Posted on by Michele Arduengo

Screen Media. Cell phones. Social media accounts. If you are a parent, you have probably discussed rules of engagement with your children about these things. All of our modern social media platforms are designed to keep us engaged with them by showing us the latest post, the next video or the people now online. Work emails give us notifications when something arrives in our Inbox. Business software platforms like Microsoft Teams send us notifications whenever someone comments in a conversation we have ever been part of. There are many siren signals pulling us toward our screens.

Enter COVID-19, the flu-like illness caused by the SARS-CoV-2 virus that has already claimed the lives of 210,000 people in the United States, and leaving countless others permanently affected by other long-term health consequences. Spread by aerosol, COVID-19 is most dangerous in places where lots of people congregate in a small area, particularly if they are talking to each other. Consequently, office buildings are empty as many of us work or go to school remotely.

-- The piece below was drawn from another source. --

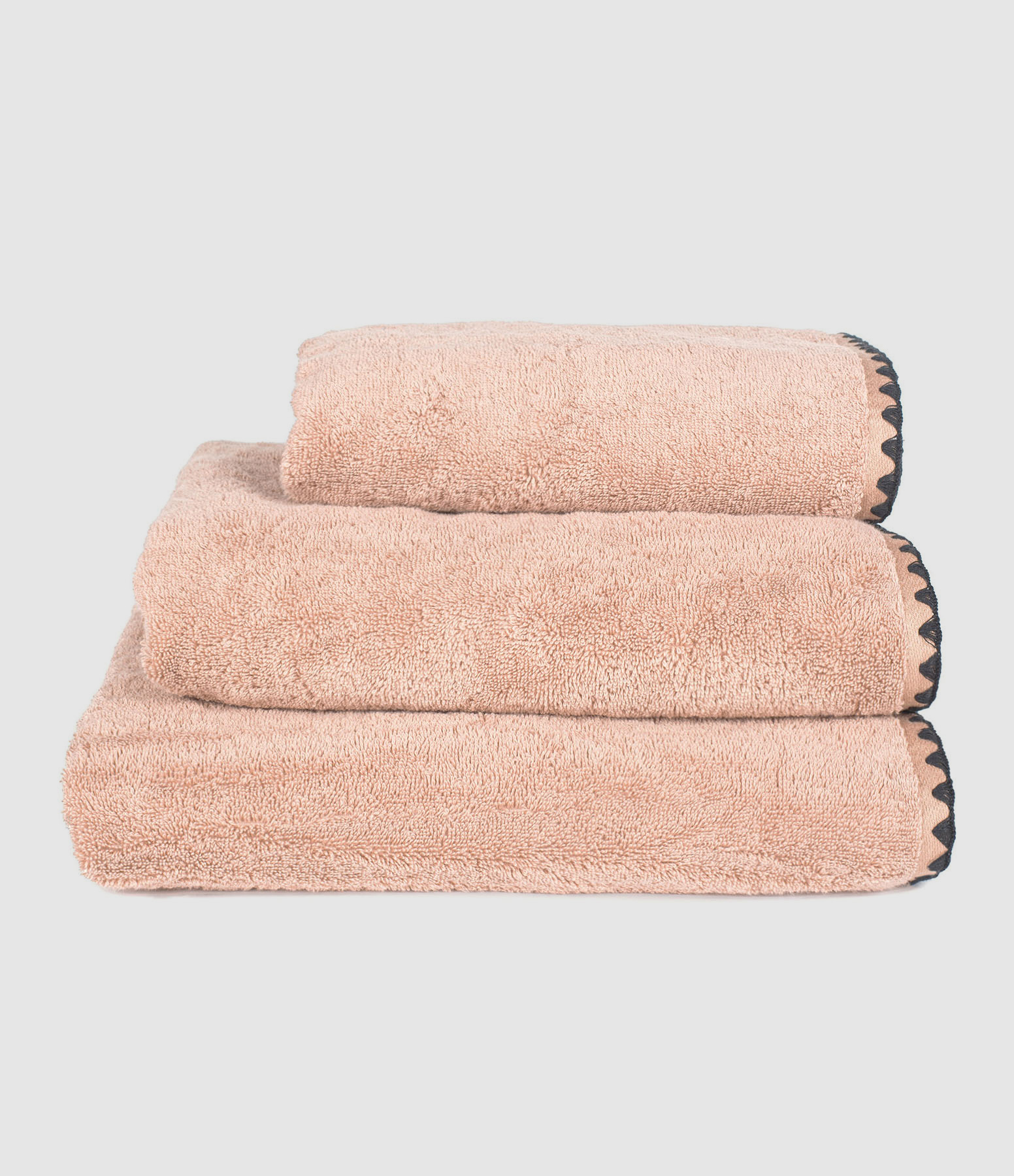 Serviette de toilette en coton beige rosé 550 g/m2 avec finition crochet noir.

Before COVID-19, if I had a day full of meetings at work, I was running from conference room to conference room, two miles, uphill, in the snow between buildings. Now, a day full of meetings means sitting in front of a computer monitor, trying to figure out how I will get any kind of break between calls. The average number of steps recorded by my pedometer has decreased markedly since March when our remote work started.

Technology has been an incredible blessing during this pandemic—allowing us to continue to work and stay connected with friends and family. Technology is the only way that some people can connect with loved ones in long-term care facilities. It allows students to continue learning through remote classrooms and chats.

But what has been the effect of the increased time spent on screens during this pandemic?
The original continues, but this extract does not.